I wrote this column last week as a big April snow storm was brewing and preparing to dump almost 20 inches of snow on the hills and valleys of the ranch. Today was the first trip I took to town since Tuesday. The moisture was much needed, but this storm was one for the record books bringing with it whipping winds, blinding snow and drifts up to10 feet tall in some places. We had just begun to calve, with three on the ground and one that we know of born in the blizzard. The guys took both tractors out to check and bring hay for feed and bedding during the storm, a task that wouldn’t have been possible without the adequate equipment. This little calf was lucky dad caught him being born as there was nothing the momma could do to dry him off. So I made a spot in our entryway for the calf to spend the night and the girls scrubbed him down with dry towels, wrapped him up and named him Kevin. Luckily we were able to bring him back to his mom the next morning and all looks well.
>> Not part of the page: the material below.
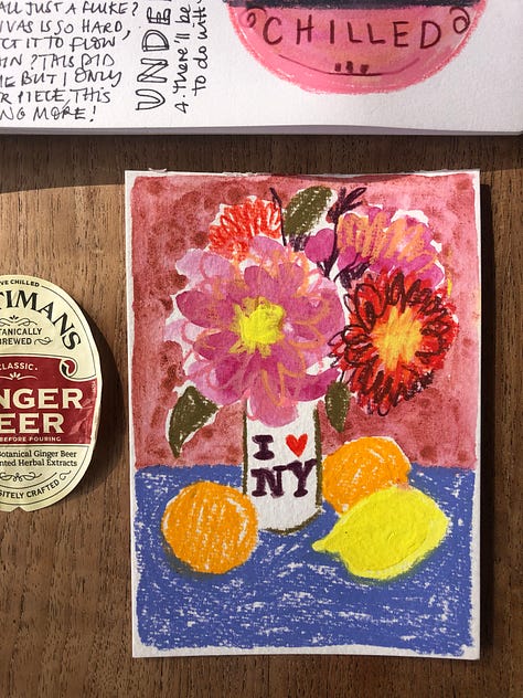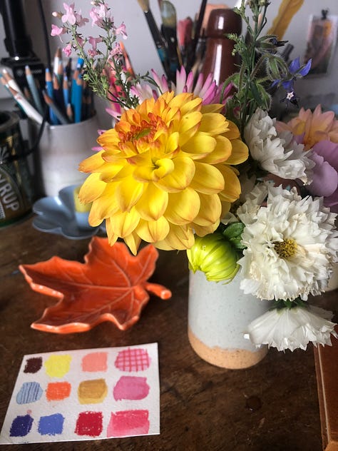 This is a free post for subscribers but you can also become a Time Foragers’ Club paid subscriber and meet up on Zoom 3 times a month (we draw, create and journal), receive a monthly video from my studio, PLUS chat with our blossoming creative community in our exclusive threads. We have occasional in-person meet-ups too.

Easter Sunday was quiet and we entertained the family living here on the ranch with caramel rolls and ham and roast and beans and a bunny cake, keeping close to home as more snow fell and more momma cows threatened to give birth.
We’re in the full swing of calving as of last night. Three more born in the trees on the hay, surrounded by cliffs of snow. What a difference that extra time made for us, as some of our neighbors had a completely different storm experience, working tirelessly to save calf after calf dropped in a storm like we haven’t seen for years.
And today the sun is shining and we made it to school, although we were a little late of course. It looks like it might storm again at the end of the week and this is ranching in North Dakota. This is spring…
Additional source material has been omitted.